# Required work
A word-for-word copy of the lines below, starting at the line with "This Jelly Roll" and ending at the last one, is what you should give. Omit every picture.

Dataset records
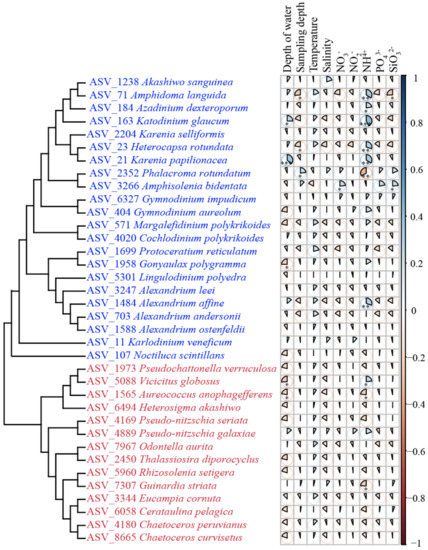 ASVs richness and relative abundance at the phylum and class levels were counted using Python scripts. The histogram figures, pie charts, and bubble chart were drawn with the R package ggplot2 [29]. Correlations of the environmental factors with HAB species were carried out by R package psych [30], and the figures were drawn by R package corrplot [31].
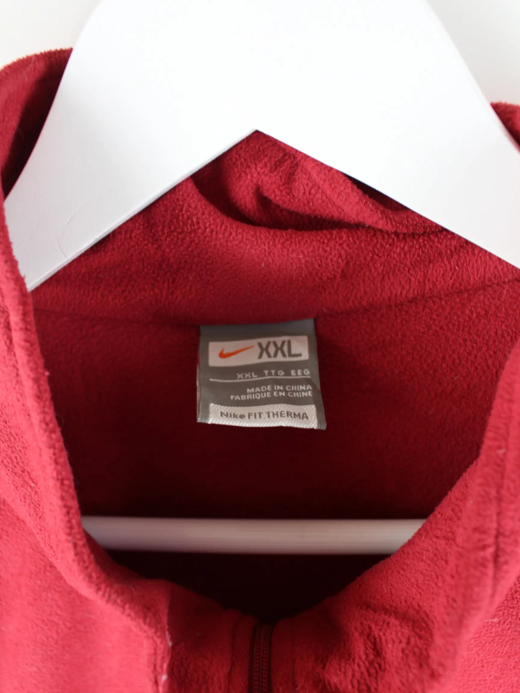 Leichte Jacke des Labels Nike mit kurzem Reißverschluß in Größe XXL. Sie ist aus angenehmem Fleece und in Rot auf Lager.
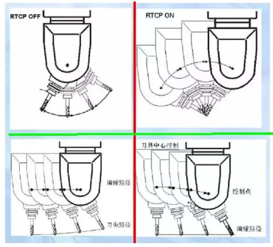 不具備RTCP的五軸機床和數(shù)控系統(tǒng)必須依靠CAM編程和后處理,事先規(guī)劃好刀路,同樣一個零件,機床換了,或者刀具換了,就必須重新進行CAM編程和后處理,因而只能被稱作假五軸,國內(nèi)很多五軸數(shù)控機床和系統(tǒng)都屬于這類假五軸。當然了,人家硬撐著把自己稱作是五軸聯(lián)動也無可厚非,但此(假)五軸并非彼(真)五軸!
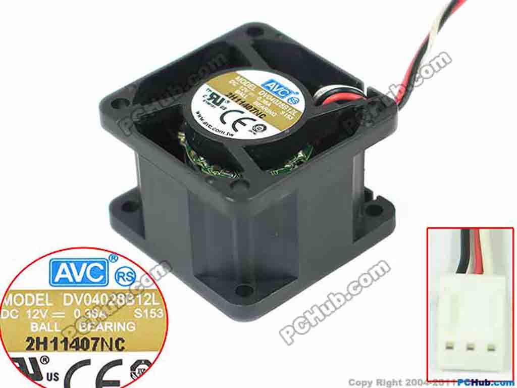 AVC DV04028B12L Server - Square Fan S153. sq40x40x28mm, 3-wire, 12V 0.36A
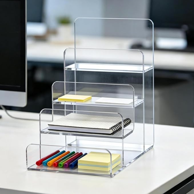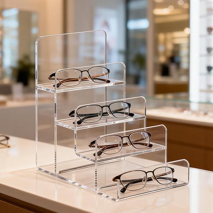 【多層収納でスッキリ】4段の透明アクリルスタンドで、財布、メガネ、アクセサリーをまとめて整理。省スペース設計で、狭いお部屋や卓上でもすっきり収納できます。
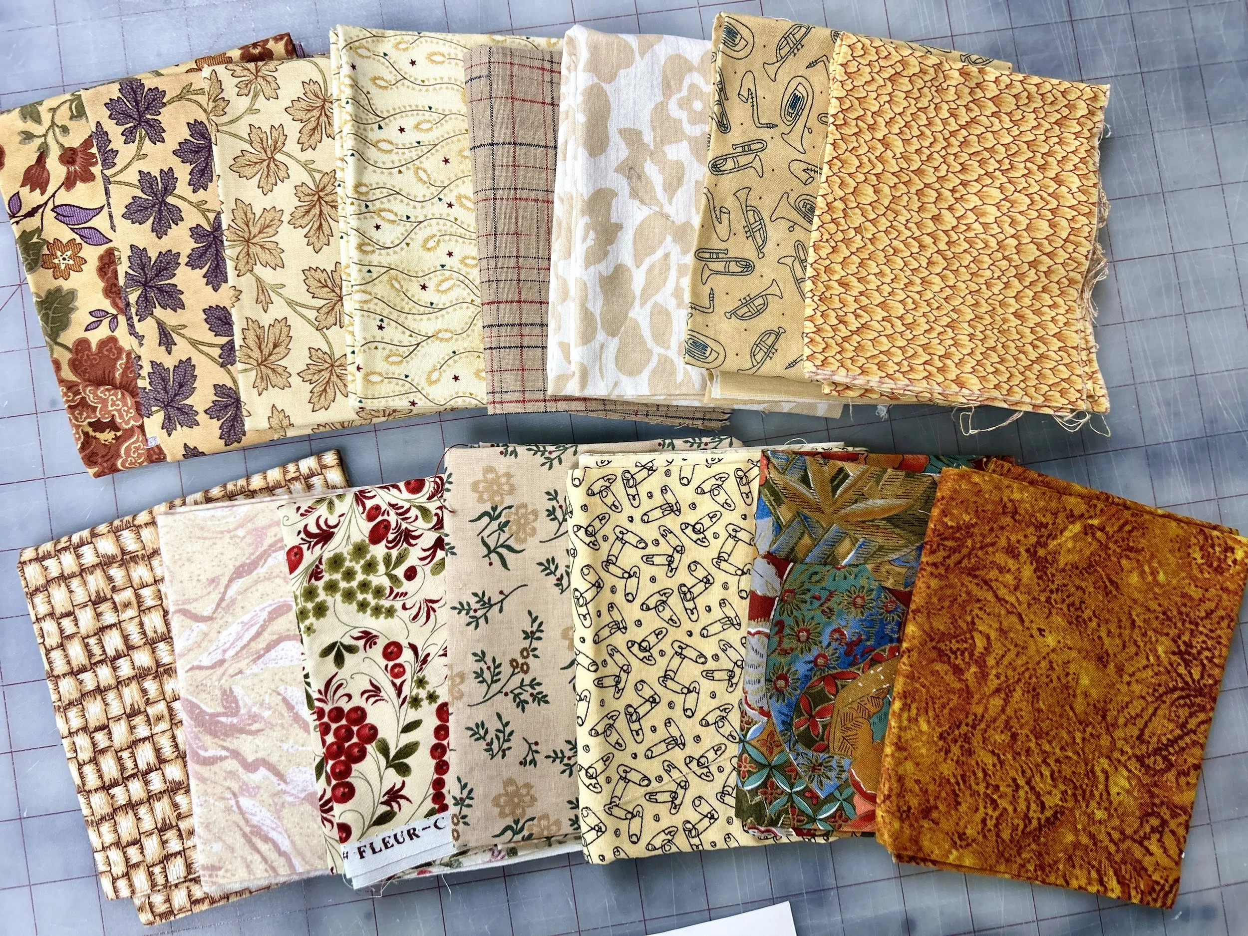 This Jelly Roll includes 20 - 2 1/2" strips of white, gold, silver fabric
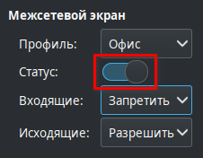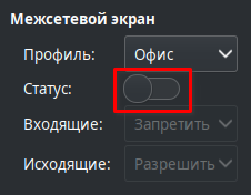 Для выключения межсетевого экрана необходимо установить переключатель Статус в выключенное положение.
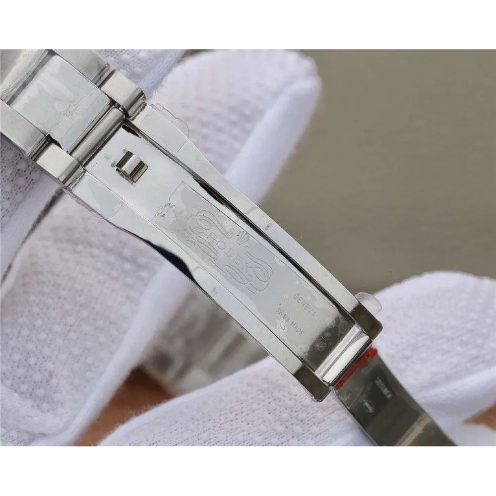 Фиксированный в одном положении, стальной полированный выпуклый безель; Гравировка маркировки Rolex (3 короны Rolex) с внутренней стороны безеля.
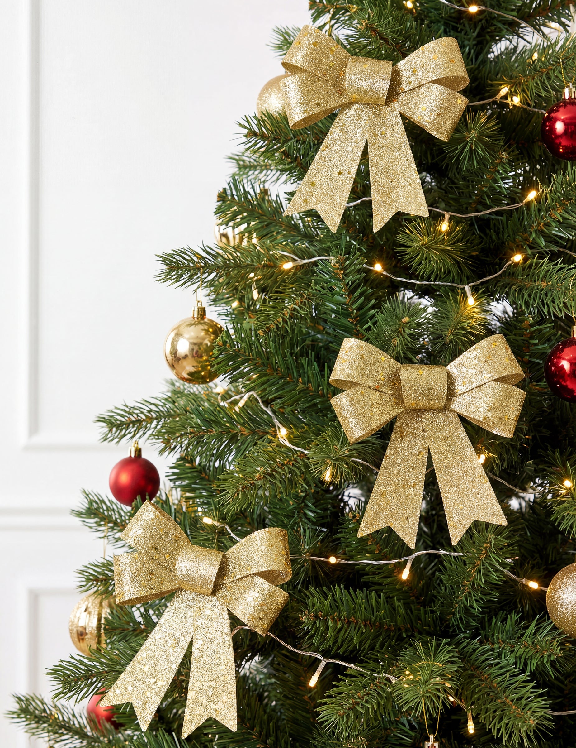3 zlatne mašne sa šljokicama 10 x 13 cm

# Response to the exercise
 This Jelly Roll includes 20 - 2 1/2" strips of white, gold, silver fabric
 Для выключения межсетевого экрана необходимо установить переключатель Статус в выключенное положение.
 Фиксированный в одном положении, стальной полированный выпуклый безель; Гравировка маркировки Rolex (3 короны Rolex) с внутренней стороны безеля.
3 zlatne mašne sa šljokicama 10 x 13 cm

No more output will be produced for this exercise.